At the age of 54, with my children having finished college and with more than enough free time in my hands to spend doing some accounting, crocheting, sewing, cooking and reading, I decided to take up law -- "to exercise my mind," I thought. I chose one of the country's three top law schools based on information that its passing average in the bar was quite high; and, sure I wanted the best.

After finishing college as a working student and scholar, then passing the accountancy board immediately after graduation, I had the wrong notion law school would be a breeze. I never imagined the law school teeming with so-called "terror" professors. There simply was no lawyer in our family who could have warned me.

Studying law in that school made me more religious. Every day before the start of classes, I made sure to pass by a church and to pray that I be spared from class recitations, vowing before God that I would study harder the next day, while making all kinds of promises. When I was not well prepared for the recitations, I'd go to school with goose bumps.

I didn't mind the stares of classmates who must have wondered (at the start of the first semester of my first year in law) what I was doing in their midst; or, if I was a professor, why I was in jeans! To steel myself against their questioning, if piercing, looks, I told myself it was I who was paying for my tuition, it was my life, I am responsible only to myself.

My husband had told me, also at the start of the first semester, to pay my tuition in installment, as he did not believe I'd be able to finish it. He seemed to have forgotten that I have always been a go-getter. By the way, I am a certified public accountant; that's why I find law interesting.

To make a long story short, I made friends in school. I became "Tita" or "Mommy" to everyone. They turned to me when they felt hungry, and it became a usual thing for me to bake and bring them their favorite oatmeal cookies. They also confided to me problems of the heart, perhaps because they looked up to me as someone who has weathered the storms of life. I enjoyed being in school, I even joined a sorority, the League of Lady Barristers, of which I remain a member.

I commuted either by jeep or by bus, later by FX from our office, as it was costly to bring my driver.

I finished law when I was 59, taking the bar right after graduating in 1999 -- after attending summer classes and review classes for minor subjects I was not allowed to overload. I remember a note the dean attached to my registration slip when I was asking to take 23 units, during my last semester in 1999. On it was this question, "Why are you in a hurry to flunk the bar?" printed in bold, red ink, mind you! I cried in the ladies' room, I just wanted to be with my batch mates in taking the bar.

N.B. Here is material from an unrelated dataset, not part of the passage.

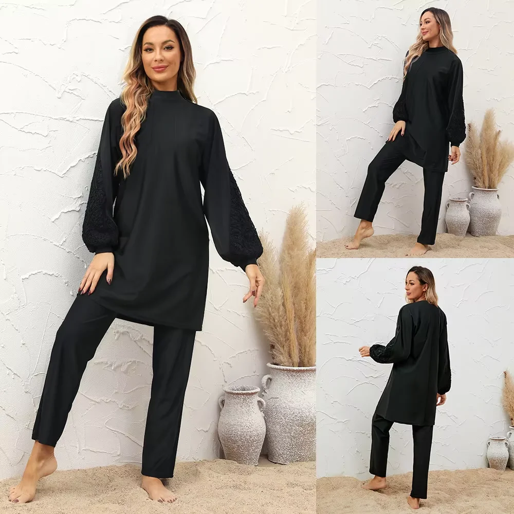 2026 Ladies Muslim Women Plus Size 3 Piece Set Swimwear Cover up with Pants Spandex/Polyester

During the testimonials the school gave us for passing the bar, I teased the dean about that note, without rancor. I knew that he just wanted to make sure I would not be one of those in the statistics of flunkers. Fortunately, after studying and praying hard to my favorite patron saints, going as far as Manaoag, Pangasinan, I was among the 16-something percent would-be lawyers who made it that year.

When the results of the bar were released, I personally went to look at the list of successful examinees, doing it after almost all the other examinees and onlookers who had gone there earlier had left. I did not want people to see me cry just in case I found the list without my name on it. But when I saw my name, I couldn't help but throw a fist in the air and, with the feeling of exhilaration all over me, told the person next to me I passed the bar.

To my surprise, the very next day, somebody was requesting me for an interview. I was sort of puzzled for I couldn't imagine how they even came to know my name. Some media people are simply resourceful.

Three days later, I was featured in the "World Tonight"; then later in "Balitang K." And so it came to pass that the secret I have kept from my classmates for so long -- my age -- became public knowledge. Even my friends abroad were calling me.

I am a practicing lawyer now. A daughter who had a master's degree in marketing from an American school passed the 2003 bar. My second son took the 2004 bar with his Dad who is now 64 years "young." I am now keeping my fingers crossed and praying hard for them, for who could doubt the power of prayers?

As for that old plant vendor of my age whom I met in Guiginto, Bulacan, she may be exposed to the sun most time of the day-not caring at all about sun block creams, moisturizers and the like. But just the same, she must be happy with her life surrounded by beautiful flowers and plants; and the way she looks is no more important to her than making a living.

Lilia P. de Vera, 64, is a senior partner at the Pilares-De Vera & Associates Law Offices.